SmartCorrelatedSelection may not replicate the same result
WhyYouNeedMyUsername opened this issue · 1 comments
Hi,
I've found this issue when I'm doing experiment on some datasets.
Describe the bug
SmartCorrelatedSelection
may not replicate the same result for some datasets.
This is because set
is unordered data structure, and thus .add()
would not preserve the order.
When some features match the same score by selection method, the result would be different.
It happened only when I restart my development environment. (otherswise, the result might be the same.)
I have solved this by transforming set to list: _temp_set = list(set([feature]))
and replace .add(f2)
to _temp_set.append(f2)
in SmartCorrelatedSelection.py
To Reproduce
Steps to reproduce the behavior:
- Run
SmartCorrelatedSelection
on some dataset which has plenty correlated features.

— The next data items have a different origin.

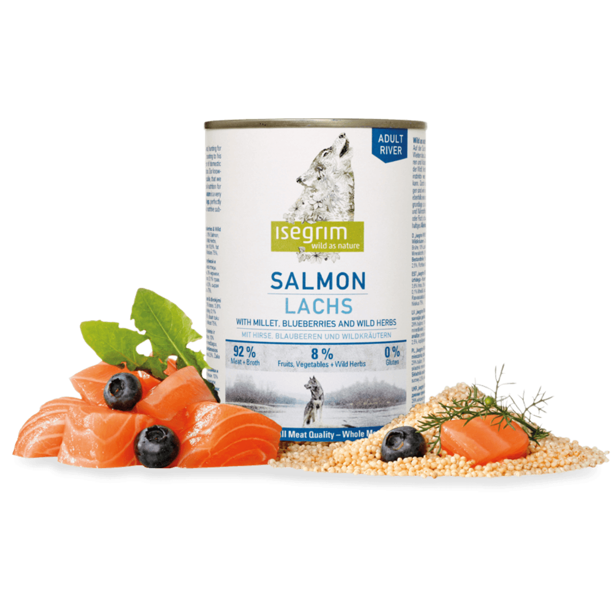 Deliciul perfect pentru patrupedul tau! ISEGRIM Somon este o conserva umeda fara cereale, plina de arome si nutrienti esentiali, care va face ca fiecare masa sa fie o experienta de neuitat pentru cainele tau.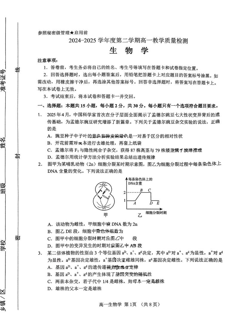 高一生物+答案--山东省淄博市2024-2025学年高一下学期期末考试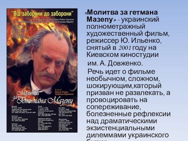 Слайд 27 «Молитва за гетмана Мазепу» - украинский полнометражный художественный фильм,
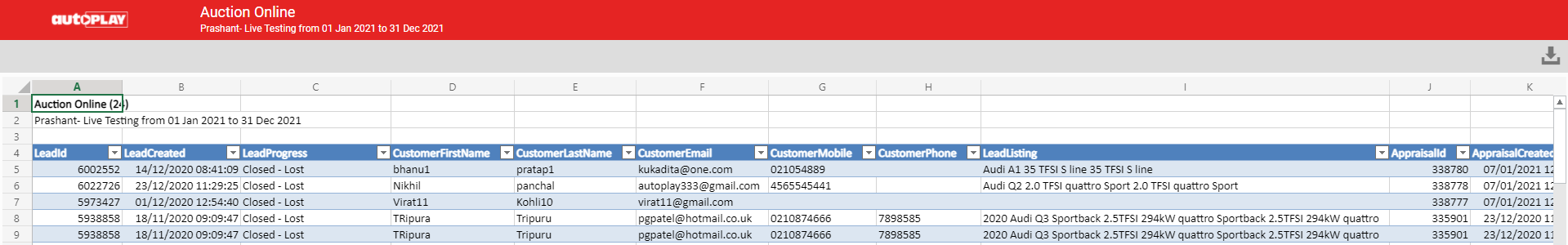 This will return a CSV containing all of the Appraisals that have been exported to Auction Online during the selected date range for the account.

(In my case, I assignselection_method="variance"
) - record
features_to_keep_
- restart your environment. (including
PyThon
) - Run again and you will see different
features_to_keep_
result
Expected behavior
Drop the same features when the given parameters is the same.
Desktop (please complete the following information):
NAME="CentOS Linux"
VERSION="8"
ID="centos"
ID_LIKE="rhel fedora"
VERSION_ID="8"
PLATFORM_ID="platform:el8"
PRETTY_NAME="CentOS Linux 8"
ANSI_COLOR="0;31"
CPE_NAME="cpe:/o:centos:centos:8"
HOME_URL="https://centos.org/"
BUG_REPORT_URL="https://bugs.centos.org/"
CENTOS_MANTISBT_PROJECT="CentOS-8"
CENTOS_MANTISBT_PROJECT_VERSION="8"
Thank you for developing this wonderful tool! 🌟
@WhyYouNeedMyUsername thanks for raising this up!
I will look into it over Christmas :)
Feel free to make a PR otherwise with the suggested changes! That would be most welcome.